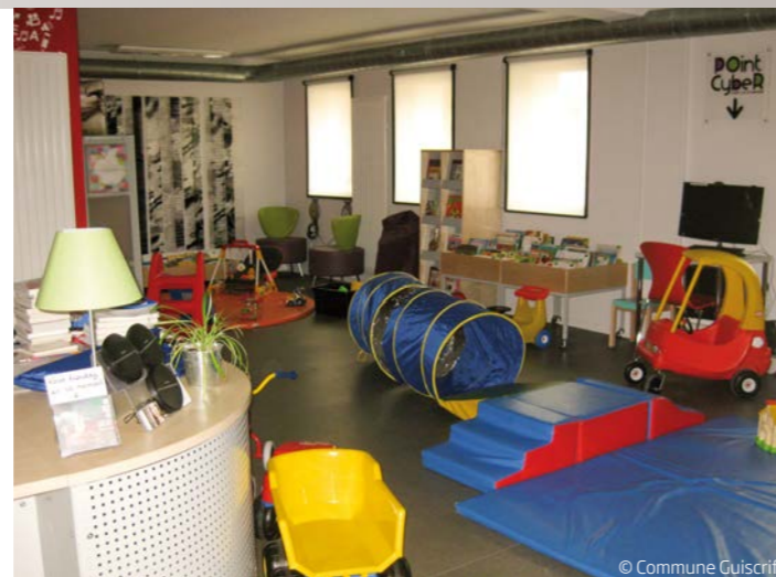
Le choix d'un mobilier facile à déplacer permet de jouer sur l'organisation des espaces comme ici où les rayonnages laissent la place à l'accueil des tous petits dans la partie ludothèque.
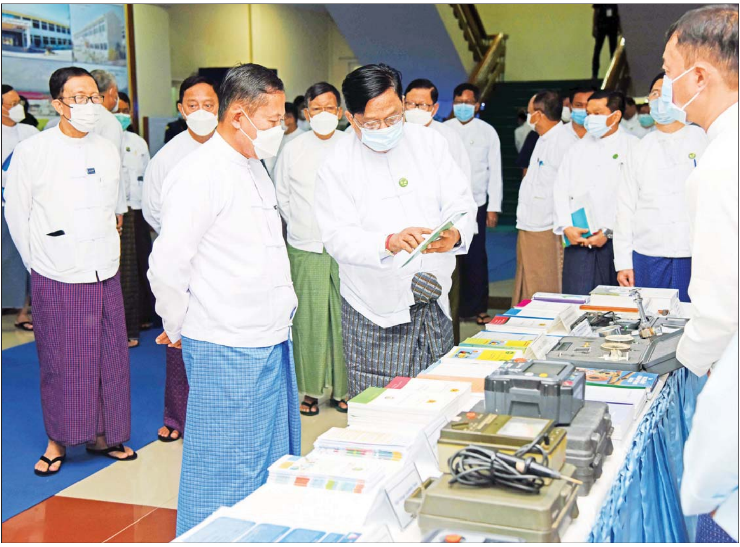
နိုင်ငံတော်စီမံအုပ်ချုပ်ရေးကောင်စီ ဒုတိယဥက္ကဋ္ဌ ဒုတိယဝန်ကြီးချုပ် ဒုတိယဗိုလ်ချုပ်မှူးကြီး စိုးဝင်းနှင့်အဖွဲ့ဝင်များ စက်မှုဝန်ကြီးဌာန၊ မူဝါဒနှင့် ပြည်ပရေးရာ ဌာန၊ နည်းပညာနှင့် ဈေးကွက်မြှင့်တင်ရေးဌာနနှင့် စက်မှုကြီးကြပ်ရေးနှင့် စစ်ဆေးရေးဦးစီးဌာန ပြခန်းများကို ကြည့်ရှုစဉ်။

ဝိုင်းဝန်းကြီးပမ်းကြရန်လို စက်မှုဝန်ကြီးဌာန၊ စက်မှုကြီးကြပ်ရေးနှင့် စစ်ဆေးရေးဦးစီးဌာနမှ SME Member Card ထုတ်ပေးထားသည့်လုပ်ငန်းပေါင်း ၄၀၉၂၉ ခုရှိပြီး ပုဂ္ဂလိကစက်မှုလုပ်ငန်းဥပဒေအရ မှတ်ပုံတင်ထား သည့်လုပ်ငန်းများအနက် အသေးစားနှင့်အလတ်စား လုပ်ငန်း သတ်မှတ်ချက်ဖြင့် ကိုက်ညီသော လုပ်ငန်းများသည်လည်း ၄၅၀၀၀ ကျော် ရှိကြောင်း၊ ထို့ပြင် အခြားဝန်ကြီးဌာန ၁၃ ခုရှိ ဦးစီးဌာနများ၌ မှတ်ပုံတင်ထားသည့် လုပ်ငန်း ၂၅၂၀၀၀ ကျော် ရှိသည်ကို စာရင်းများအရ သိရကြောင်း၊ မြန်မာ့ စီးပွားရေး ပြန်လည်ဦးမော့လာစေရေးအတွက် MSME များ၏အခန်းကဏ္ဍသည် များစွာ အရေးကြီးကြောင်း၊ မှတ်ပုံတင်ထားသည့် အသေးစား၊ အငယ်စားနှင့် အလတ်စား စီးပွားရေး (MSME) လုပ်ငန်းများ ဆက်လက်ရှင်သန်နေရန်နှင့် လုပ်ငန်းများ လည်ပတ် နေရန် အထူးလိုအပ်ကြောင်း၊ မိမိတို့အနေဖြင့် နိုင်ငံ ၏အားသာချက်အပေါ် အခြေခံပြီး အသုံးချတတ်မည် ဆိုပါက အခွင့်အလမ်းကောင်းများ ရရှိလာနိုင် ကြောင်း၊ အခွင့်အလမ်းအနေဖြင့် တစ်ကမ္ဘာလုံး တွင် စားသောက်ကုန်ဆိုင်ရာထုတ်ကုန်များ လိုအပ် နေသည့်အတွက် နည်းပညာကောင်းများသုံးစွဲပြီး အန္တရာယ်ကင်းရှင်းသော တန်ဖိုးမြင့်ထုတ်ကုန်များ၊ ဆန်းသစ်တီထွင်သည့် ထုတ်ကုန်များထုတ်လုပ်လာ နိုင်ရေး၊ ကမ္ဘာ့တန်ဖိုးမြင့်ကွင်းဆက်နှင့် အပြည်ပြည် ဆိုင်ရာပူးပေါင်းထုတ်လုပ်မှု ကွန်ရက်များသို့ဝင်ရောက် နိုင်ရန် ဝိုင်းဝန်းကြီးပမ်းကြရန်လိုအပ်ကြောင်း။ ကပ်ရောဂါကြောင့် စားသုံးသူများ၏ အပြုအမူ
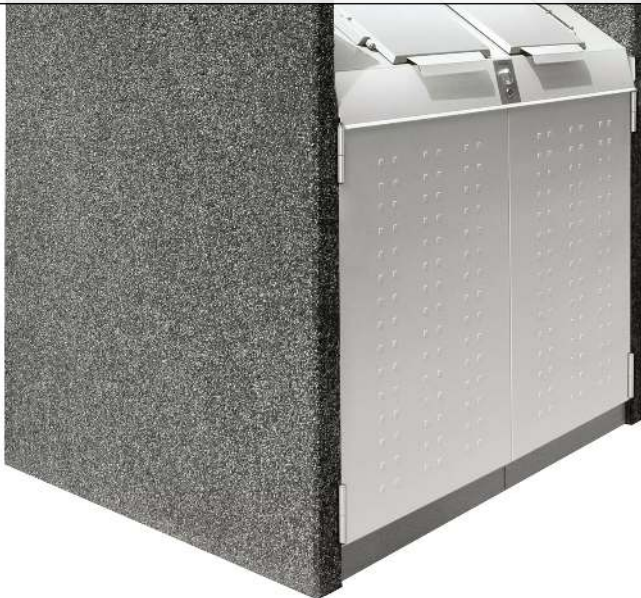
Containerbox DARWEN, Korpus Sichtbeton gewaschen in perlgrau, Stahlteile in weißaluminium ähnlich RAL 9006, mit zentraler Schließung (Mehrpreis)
--
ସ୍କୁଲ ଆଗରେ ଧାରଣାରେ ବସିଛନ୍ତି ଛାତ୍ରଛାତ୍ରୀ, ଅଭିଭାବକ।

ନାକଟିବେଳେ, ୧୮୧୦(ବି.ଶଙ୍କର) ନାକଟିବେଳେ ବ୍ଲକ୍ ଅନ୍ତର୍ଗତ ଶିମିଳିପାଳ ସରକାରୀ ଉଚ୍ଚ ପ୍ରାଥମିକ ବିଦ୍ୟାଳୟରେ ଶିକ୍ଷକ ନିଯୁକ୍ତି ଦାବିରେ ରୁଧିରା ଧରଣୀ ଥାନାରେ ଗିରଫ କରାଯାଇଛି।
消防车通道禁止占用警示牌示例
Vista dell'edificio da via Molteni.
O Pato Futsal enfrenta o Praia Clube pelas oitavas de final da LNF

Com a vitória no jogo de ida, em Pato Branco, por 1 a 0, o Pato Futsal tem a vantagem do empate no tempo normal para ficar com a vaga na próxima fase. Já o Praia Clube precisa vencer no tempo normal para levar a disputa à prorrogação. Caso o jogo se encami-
---
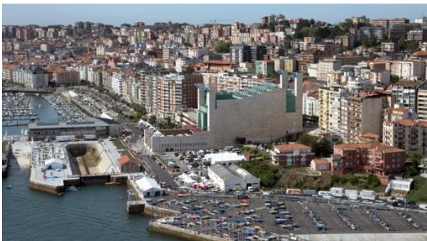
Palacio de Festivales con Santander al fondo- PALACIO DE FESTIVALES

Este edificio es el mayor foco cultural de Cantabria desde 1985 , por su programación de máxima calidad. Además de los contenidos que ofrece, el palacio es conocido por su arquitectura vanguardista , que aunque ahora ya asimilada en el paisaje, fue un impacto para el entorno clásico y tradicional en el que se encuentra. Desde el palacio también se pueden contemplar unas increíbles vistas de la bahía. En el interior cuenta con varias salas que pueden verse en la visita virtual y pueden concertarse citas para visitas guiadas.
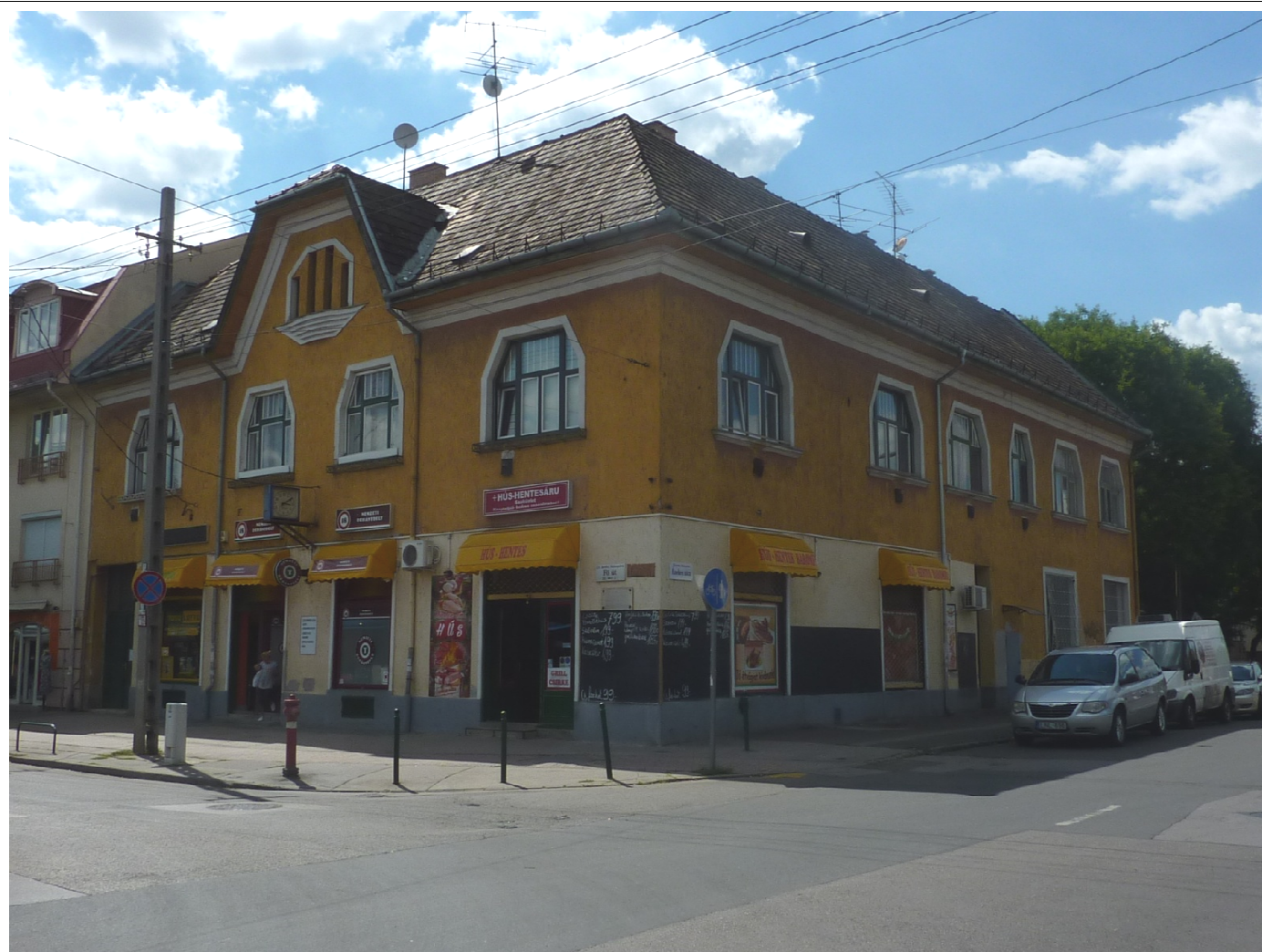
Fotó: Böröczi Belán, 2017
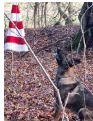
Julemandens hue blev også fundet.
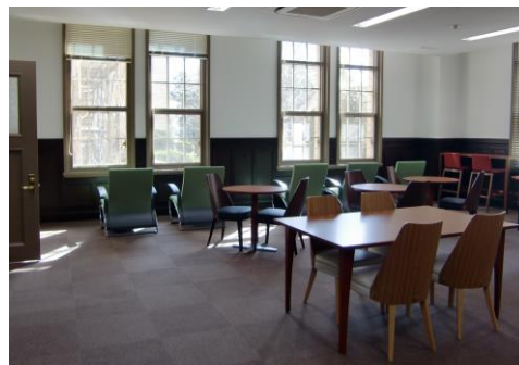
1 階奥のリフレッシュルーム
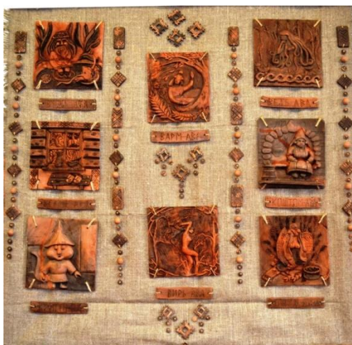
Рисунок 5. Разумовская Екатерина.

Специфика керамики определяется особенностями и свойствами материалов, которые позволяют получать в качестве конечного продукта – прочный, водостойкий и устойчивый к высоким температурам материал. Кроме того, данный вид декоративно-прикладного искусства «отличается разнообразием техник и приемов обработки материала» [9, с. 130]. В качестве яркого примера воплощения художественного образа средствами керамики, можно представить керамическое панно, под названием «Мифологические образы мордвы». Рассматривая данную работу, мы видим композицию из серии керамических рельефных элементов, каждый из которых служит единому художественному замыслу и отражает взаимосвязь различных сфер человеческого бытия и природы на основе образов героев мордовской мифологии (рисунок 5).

## Exercise details
Please copy, exactly and with nothing else, the lines above beginning at the line that has "ନାକଟିବେଳେ, ୧୮୧୦(ବି.ଶଙ୍କର) ନାକଟିବେଳେ" and ending with the line that has "Com a vitória".

## Solution to this problem
ନାକଟିବେଳେ, ୧୮୧୦(ବି.ଶଙ୍କର) ନାକଟିବେଳେ ବ୍ଲକ୍ ଅନ୍ତର୍ଗତ ଶିମିଳିପାଳ ସରକାରୀ ଉଚ୍ଚ ପ୍ରାଥମିକ ବିଦ୍ୟାଳୟରେ ଶିକ୍ଷକ ନିଯୁକ୍ତି ଦାବିରେ ରୁଧିରା ଧରଣୀ ଥାନାରେ ଗିରଫ କରାଯାଇଛି।
消防车通道禁止占用警示牌示例
Vista dell'edificio da via Molteni.
O Pato Futsal enfrenta o Praia Clube pelas oitavas de final da LNF

Com a vitória no jogo de ida, em Pato Branco, por 1 a 0, o Pato Futsal tem a vantagem do empate no tempo normal para ficar com a vaga na próxima fase. Já o Praia Clube precisa vencer no tempo normal para levar a disputa à prorrogação. Caso o jogo se encami-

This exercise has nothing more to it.